Rússia enfrenta desafios para manter influência na Ásia Central e ampliar laços com o Sul Global

Relatório de Moscou destaca que pressão ocidental e sanções dificultam planos para liderar bloco econômico rival ao Ocidente

O esforço da Rússia para consolidar sua influência sobre ex-repúblicas soviéticas e fortalecer relações com o Sul Global enfrenta obstáculos significativos, segundo um relatório interno do governo russo vazado recentemente. O documento, apresentado em abril de 2023 em uma sessão estratégica liderada pelo primeiro-ministro Mikhail Mishustin, revela como a guerra na Ucrânia prejudicou os laços de Moscou com alguns de seus aliados mais próximos. Somente agora o conteúdo do material veio à tona, segundo o jornal Financial Times.
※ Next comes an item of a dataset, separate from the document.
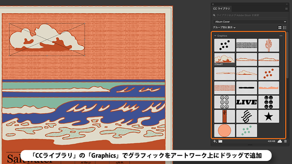 「CCライブラリ」の「Graphics」から雲、太陽、顔のアイコン、テキストのグラフィックをアートワーク上にドラッグで追加します。
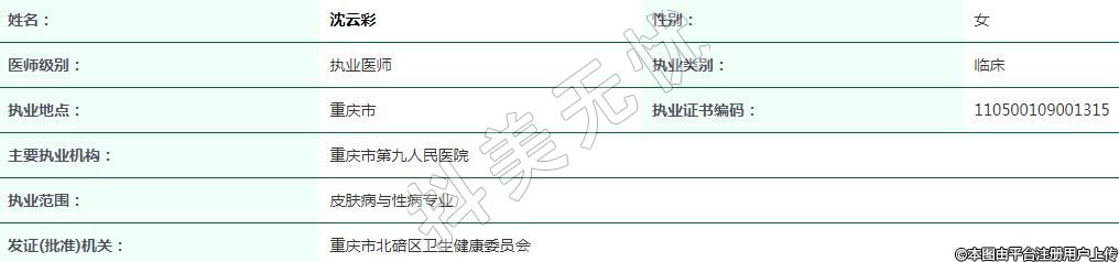 重慶市第九人民醫(yī)院皮膚美容科執(zhí)業(yè)醫(yī)師

O relatório admite que as sanções ocidentais e iniciativas econômicas de países do Ocidente conseguiram afastar parceiros comerciais tradicionais da Rússia. O impacto é sentido especialmente em nações da Ásia Central, que têm se beneficiado da situação ao assumir o controle de fluxos de importação e exportação e relocar produções que antes estavam em território russo.

Vladimir Putin, presidente da Rússia (Foto: kremlin.ru/divulgação)
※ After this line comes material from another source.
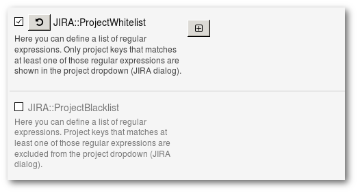 At the bottom of the dialog, you can activate either white-listing or black-listing for projects using regular expressions. For white-listing, only project keys that matches at least one of those regular expressions are shown in the project dropdown (JIRA dialog). For black-listing, only project keys that matches at least one of those regular expressions are excluded from the project drop-down.
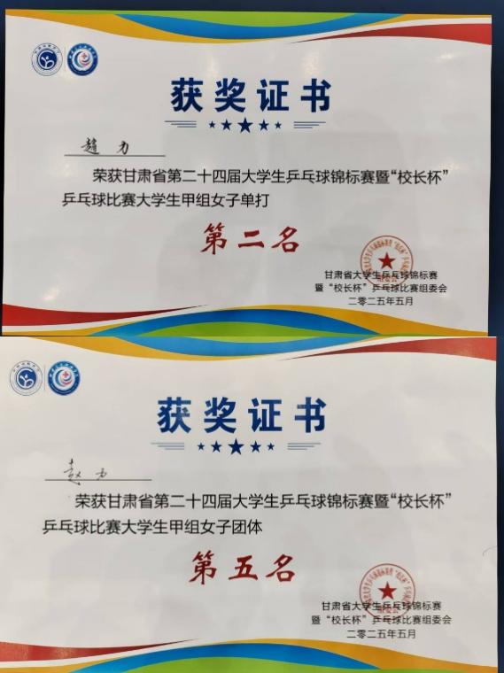 5月11日,甘肃省第二十四届老员工乒乓球锦标赛暨“董事长杯”乒乓球比赛在甘肃卫生职业公司圆满落幕。来自省内35所高校的469名选手在赛场上挥洒汗水,奋力拼搏,为观众奉献了精彩纷呈的比赛。公司23级英语2班的赵力同学代表公司参赛,取得了员工甲组女子单打第二名和团体第五名的优异成绩。

Entre as dificuldades, o documento destaca a “pressão de ameaças” exercida por países ocidentais sobre nações da Ásia Central, oferecendo-lhes acesso a mercados globais e corredores de transporte que evitam Moscou. Esse movimento tem enfraquecido o papel da Rússia como elo estratégico na região.

Mesmo aliados históricos, como Belarus, ilustram o dilema enfrentado. Embora o presidente Alexander Lukashenko tenha declarado em 2024 que “sempre estaremos unidos à Rússia”, o próprio país já buscou diversificar suas parcerias econômicas no passado recente. A relação é citada como o exemplo mais bem-sucedido da influência russa, mas enfrenta desafios decorrentes das sanções e das mudanças nos sistemas de pagamento internacionais.

O relatório também aponta que, apesar do desejo de Moscou de liderar um bloco econômico eurasiático capaz de rivalizar com Estados Unidos, União Europeia (UE) e China, a iniciativa enfrenta “problemas sistêmicos”. Estes incluem riscos relacionados a sanções, divergências em políticas cambiais e limitações impostas pelo controle de capitais estabelecido pelo governo russo para mitigar o impacto das restrições econômicas.

Na Ásia Central, países como o Cazaquistão e o Quirguistão adotaram posturas contrastantes. O primeiro condenou a invasão da Ucrânia, recusou-se a reconhecer os ganhos territoriais russos e demonstrou empenho em cumprir sanções ocidentais. Já o vizinho manteve uma aliança firme com Moscou, tornando-se uma rota importante para a suposta evasão de sanções.

O documento sugere que a Rússia precisará “jogar no longo prazo” para manter esses países em sua esfera de influência, apelando para laços históricos compartilhados e respeitando suas independências. No entanto, reconhece que uma eventual vitória russa na Ucrânia não seria suficiente para encerrar a pressão ocidental.

A análise revela ainda que países da região têm explorado a “vulnerabilidade” da Rússia, buscando se integrar a blocos sem a participação de Moscou, como a Organização dos Estados Túrquicos. O relatório destaca mudanças culturais e educacionais, com o incentivo ao uso do inglês em vez do russo e o alinhamento a padrões ocidentais de ensino, além do envio de elites locais para estudar no Ocidente.

Por fim, o relatório conclui que esses países terão que “decidir sua posição em relação à Rússia”, sem fornecer detalhes sobre o que Moscou planeja fazer para influenciar essa decisão.